- [Exercise instructions] Starting with the line that contains "This stunning five-bedroom", repeat exactly every line through the last one in the records below, and leave out the pictures.

Collected data entries
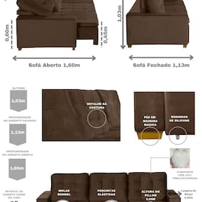 Recomendações de Manutenção: Utilizar o sofá em local seco, sem umidade
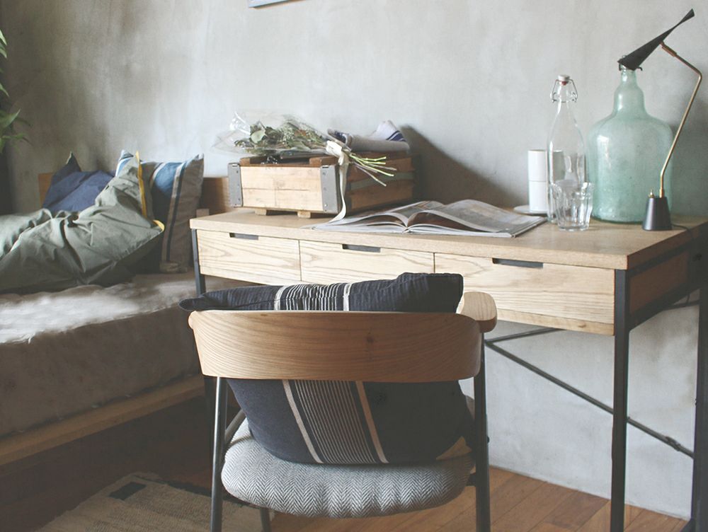 工業的でメンズライクなイメージのインダストリアルテイスト。 単にスチールを使い無骨にするのではなく、 素材を活かした素地に近い質感のスチールワークの曲線や華奢さが女性らしくもあり、 ナチュラルな木材の調和がとれた"他にはない"テイストです。
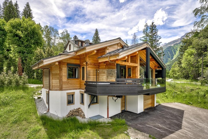 This stunning five-bedroom chalet in Chamonix-Mont-Blanc offers 195 m² of beautifully designed living space, accommodating up to ten guests in comfort and style. Newly built and tastefully furnished, it combines modern luxury with breathtaking mountain views. Located in a peaceful setting near Le Lavancher, the chalet provides quick access to several world-class ski areas including Grands Montets and La Flégère, both around 4 km away. Chamonix town centre, with its shops, restaurants, and vibrant alpine atmosphere, is just a short 6 km drive.
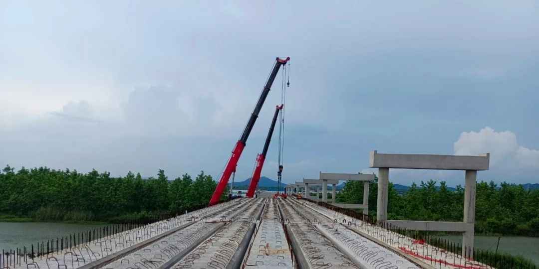 預(yù)制空心板首件的成功安裝打響了碼頭引橋部分上部結(jié)構(gòu)施工的第一槍?zhuān)瑸楹罄m(xù)安裝架設(shè)提供了寶貴經(jīng)驗(yàn)。目前,正是烏沙港各個(gè)施工節(jié)點(diǎn)突破的關(guān)鍵期,各參建管理人員在烏沙港現(xiàn)場(chǎng)艱苦鏖戰(zhàn),掛圖作戰(zhàn),倒排工期,加壓奮進(jìn),在確保安全和質(zhì)量的前提下,全力推進(jìn)項(xiàng)目建設(shè)進(jìn)度,全力沖刺項(xiàng)目年度建設(shè)的節(jié)點(diǎn)目標(biāo)。
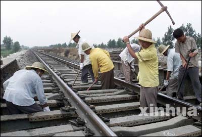 中新網8月20日電 今天,濟南鐵路分局泰安工務段職工在京滬線泰安段曲線半徑改造工程上施工,為第五次大提速做準備。
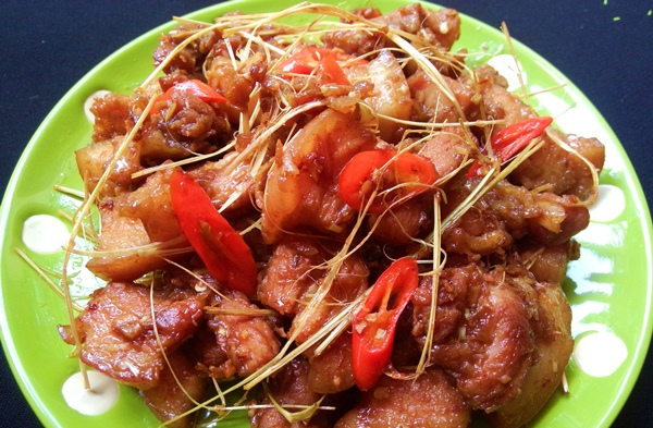 1. Đĩa thịt rang có màu nâu cánh gián do thịt được rang cháy cạnh và màu của nước hàng, sự hòa quyện màu sắc của thịt heo màu nâu, sả chiên vàng và ớt đỏ tươi rất bắt mắt.
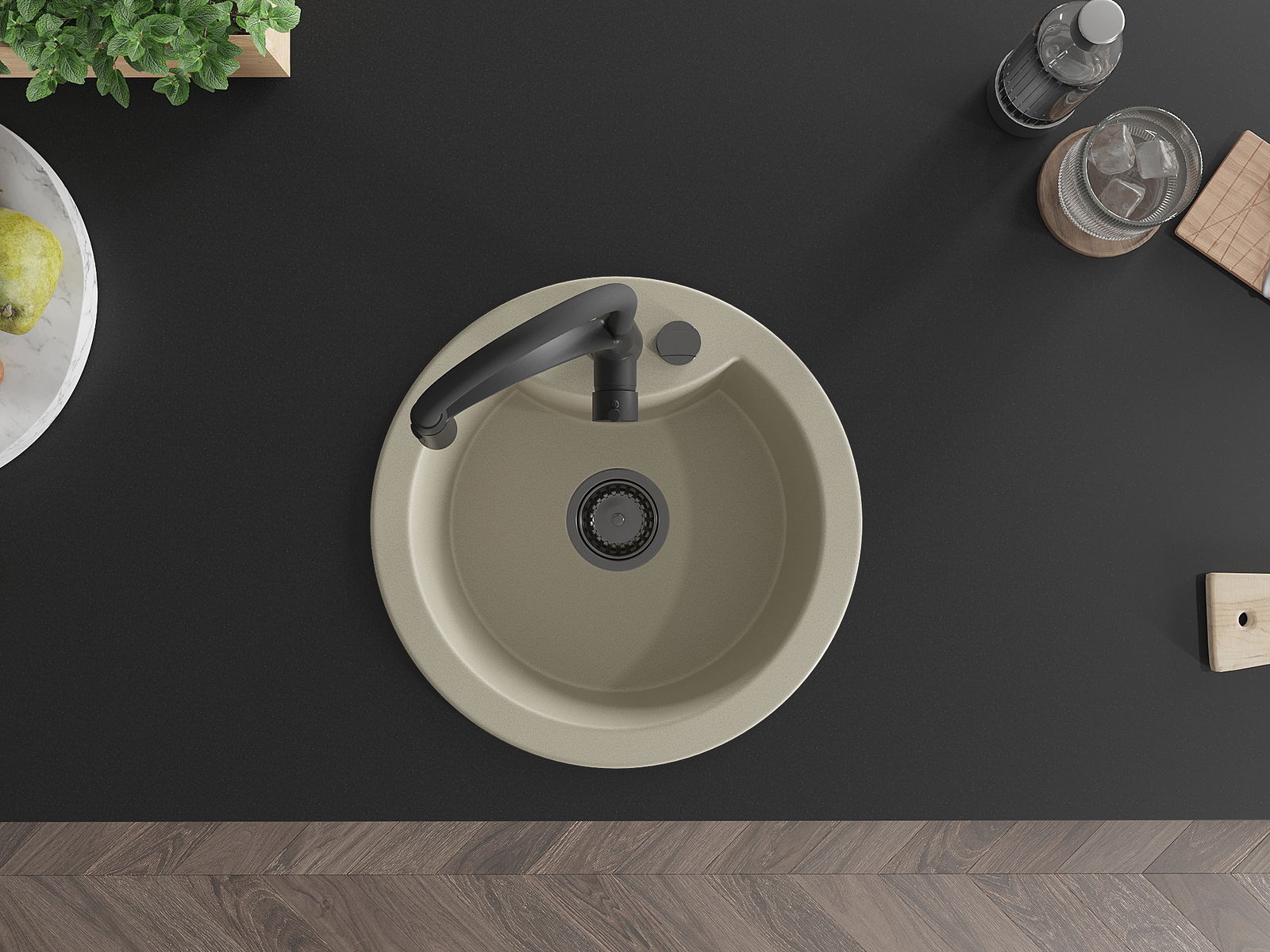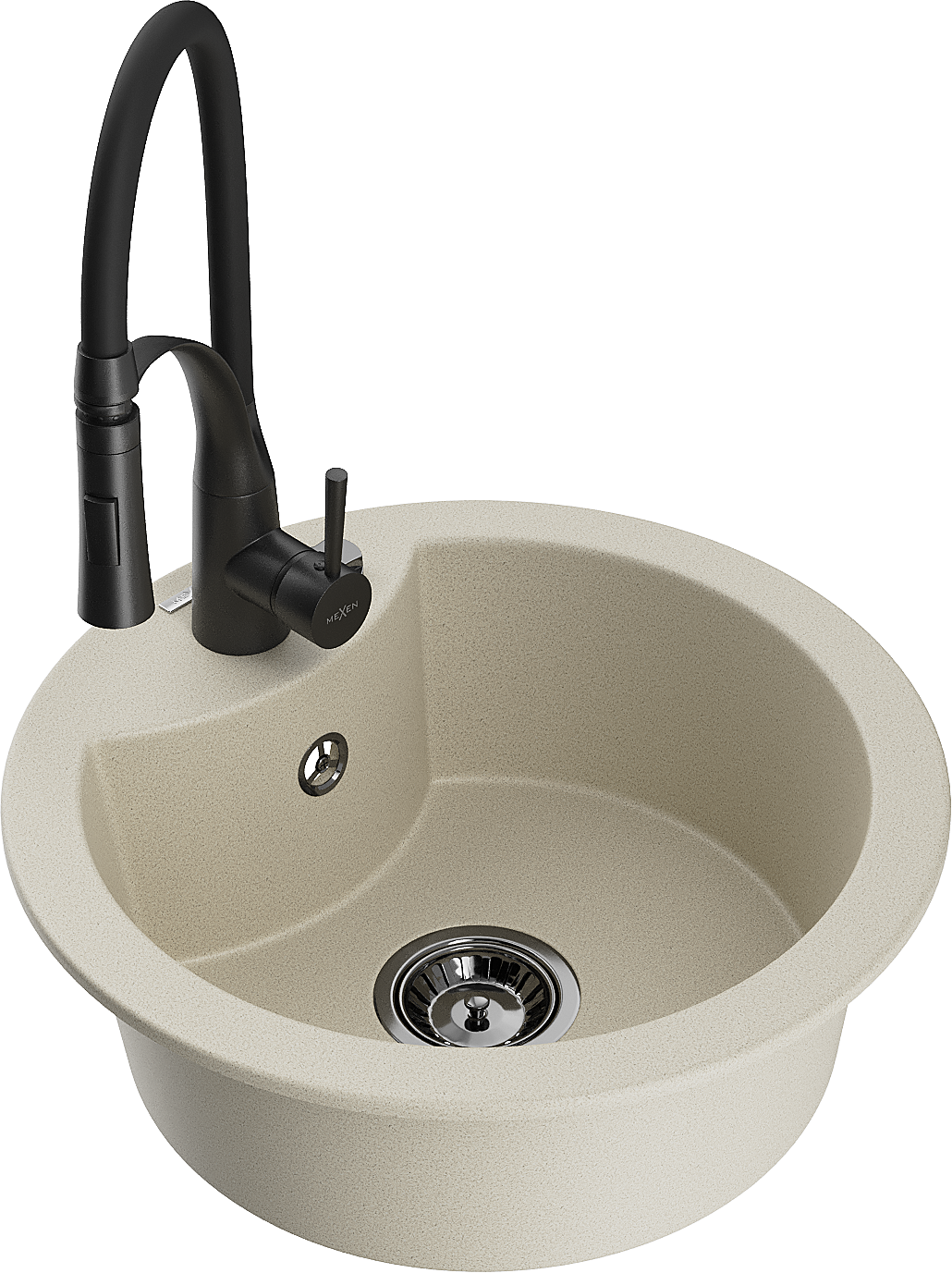 Mexen Diego granito plautuvė, 1 skyrelio, su virtuviniu maišytuvu Aster, smėlio spalvos - 6512-69-73450-70-B
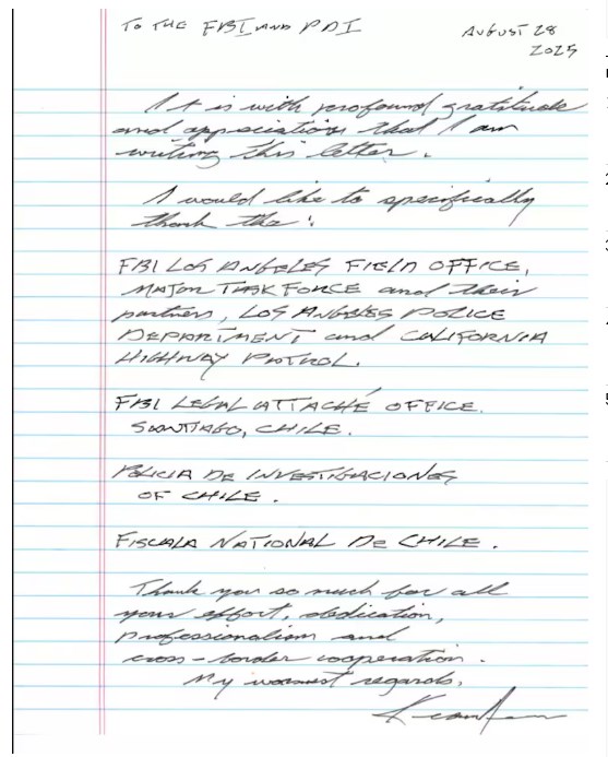“Es con profunda gratitud y aprecio que escribo esta carta. Muchas gracias por todo su esfuerzo, dedicación, profesionalismo y cooperación transfronteriza”, dice parte del escrito. Allí, además de la Policía de Investigaciones de Chile y la Fiscalía de Chile, el prestigioso intérprete canadiense de 61 años menciona a la oficina local del FBI.
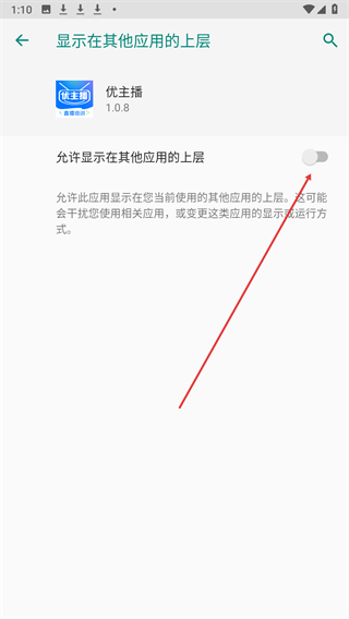 3、在权限界面,打开允许显示在其他应用的上层功能开关。
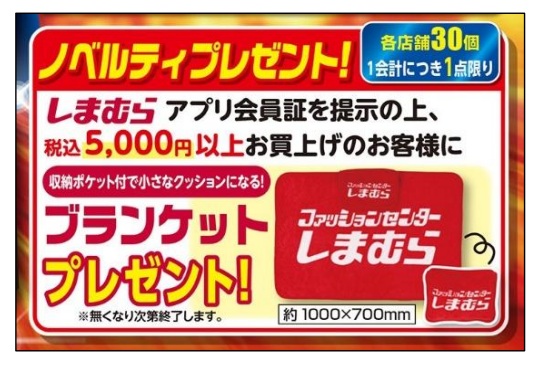 さらに、アプリ会員証を提示の上で税込5000円以上購入のお客を対象に、しまむらオリジナルの「ブランケット」を先着順でプレゼントする。
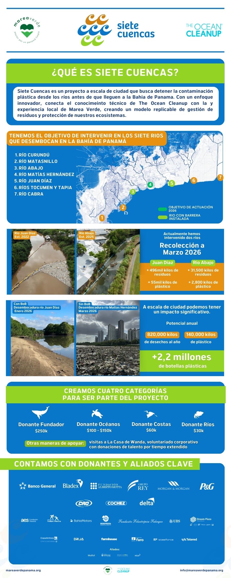 Siete Cuencas es una alianza entre Marea Verde Panamá y la organización internacional The Ocean Cleanup, reconocida por su labor global en la eliminación de plásticos en ríos y océanos.

- [Answer area]
 This stunning five-bedroom chalet in Chamonix-Mont-Blanc offers 195 m² of beautifully designed living space, accommodating up to ten guests in comfort and style. Newly built and tastefully furnished, it combines modern luxury with breathtaking mountain views. Located in a peaceful setting near Le Lavancher, the chalet provides quick access to several world-class ski areas including Grands Montets and La Flégère, both around 4 km away. Chamonix town centre, with its shops, restaurants, and vibrant alpine atmosphere, is just a short 6 km drive.
 預(yù)制空心板首件的成功安裝打響了碼頭引橋部分上部結(jié)構(gòu)施工的第一槍?zhuān)瑸楹罄m(xù)安裝架設(shè)提供了寶貴經(jīng)驗(yàn)。目前,正是烏沙港各個(gè)施工節(jié)點(diǎn)突破的關(guān)鍵期,各參建管理人員在烏沙港現(xiàn)場(chǎng)艱苦鏖戰(zhàn),掛圖作戰(zhàn),倒排工期,加壓奮進(jìn),在確保安全和質(zhì)量的前提下,全力推進(jìn)項(xiàng)目建設(shè)進(jìn)度,全力沖刺項(xiàng)目年度建設(shè)的節(jié)點(diǎn)目標(biāo)。
 中新網8月20日電 今天,濟南鐵路分局泰安工務段職工在京滬線泰安段曲線半徑改造工程上施工,為第五次大提速做準備。
 1. Đĩa thịt rang có màu nâu cánh gián do thịt được rang cháy cạnh và màu của nước hàng, sự hòa quyện màu sắc của thịt heo màu nâu, sả chiên vàng và ớt đỏ tươi rất bắt mắt.
 Mexen Diego granito plautuvė, 1 skyrelio, su virtuviniu maišytuvu Aster, smėlio spalvos - 6512-69-73450-70-B
“Es con profunda gratitud y aprecio que escribo esta carta. Muchas gracias por todo su esfuerzo, dedicación, profesionalismo y cooperación transfronteriza”, dice parte del escrito. Allí, además de la Policía de Investigaciones de Chile y la Fiscalía de Chile, el prestigioso intérprete canadiense de 61 años menciona a la oficina local del FBI.
 3、在权限界面,打开允许显示在其他应用的上层功能开关。
 さらに、アプリ会員証を提示の上で税込5000円以上購入のお客を対象に、しまむらオリジナルの「ブランケット」を先着順でプレゼントする。
 Siete Cuencas es una alianza entre Marea Verde Panamá y la organización internacional The Ocean Cleanup, reconocida por su labor global en la eliminación de plásticos en ríos y océanos.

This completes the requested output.